O professor, de modo geral, é um profissional preparado para lidar com a violência na escola? 
Debarbieux 
Debarbieux Esse é um dos pontos essenciais a debater. Na maioria dos países, faltam docentes capacitados para enfrentar essa situação difícil. Fico impressionado com o fato de que os professores passem a vida trabalhando como líderes, tendo que manter o controle da classe, sem receber nenhuma formação específica para isso. É inacreditável, inclusive, porque as violências escolares surgem quase sempre dentro dos grupos de estudantes. 

O tipo de violência escolar mais popular no mundo hoje é o bullying?
Debarbieux 
Certamente. De acordo com nossas estimativas, a média mundial de alunos atingidos pelo problema fica entre 7 e 15%. Os graus de violência são diferentes. Segundo um grande estudo que fiz no Unicef (Fundo das Nações Unidas para a Infância), na França, cerca de 11% dos estudantes sofrem bullying, e 5% deles de uma forma severa. 

A solução está na gestão da escola?
Debarbieux 
Sim. O modo como uma escola é gerenciada e a atenção que os adultos dão ao bullyingtêm um grande impacto sobre os efeitos dessa violência. Sabe-se que há uma ligação muito forte entre a qualidade do clima e das relações pessoais na escola e a ocorrência de casos desse tipo. 

Existem países em que o bullying não se manifesta na escola?
Debarbieux 
Não.
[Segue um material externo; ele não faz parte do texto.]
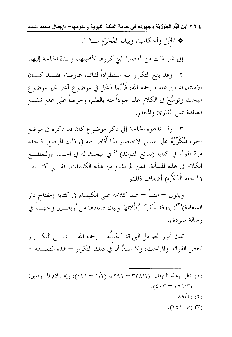 3- وقد تدعوه الحاجة إلى ذكر موضوع كان قد ذكره في موضع آخر، فيُكَرِّرُهُ على سبيل الاختصار لِمَا أَفَاضَ فيه في ذلك الموضع، فنجده مرة يقول في كتابه (بدائع الفوائد) 2 في مبحث له في الحب: "ولنقطع الكلام في هذه المسألة، فمن لم يشبع من هذه الكلمات، ففي كتاب (التحفة الْمَكِّيَّة) أضعاف ذلك".

Entretanto os casos nos países do norte da Europa diminuíram em mais da metade em relação à média europeia desde que os governos assumiram um papel-chave para lutar contra isso, há mais de 20 anos. O Reino Unido também seguiu a mesma linha de adoção de políticas de prevenção. Mesmo assim, não podemos nos dar o direito de parar de evoluir. O fato de tratarmos violências menores não significa que estejamos lidando com uma coisa pequena e sem importância. As pesquisas mostram que, em termos de atos mais graves, como os que envolvem matanças nos Estados Unidos, 75% dos alunos que foram à escola armados e mataram colegas eram vítimas debullying.
Como recuperar os envolvidos com o bullying
Debarbieux 
É preciso mostrar ao jovem agressor as consequências do que faz. Frequentemente, trata-se de um garoto inofensivo, que quer se afirmar e, ao se colocar nesse papel, sente-se mais forte que os demais. Por isso também é importante desenvolver a empatia, a capacidade de se colocar no lugar do outro, a conscientização de que esse tipo de situação é prejudicial para todos - e isso não se faz apenas com eventuais lições de moral. A pessoa violenta sempre pensa que a culpa é da vítima. E a simples punição para que isso não se repita não é uma solução, inclusive porque muitas vezes piora o problema e pode até gerar atos de vingança. 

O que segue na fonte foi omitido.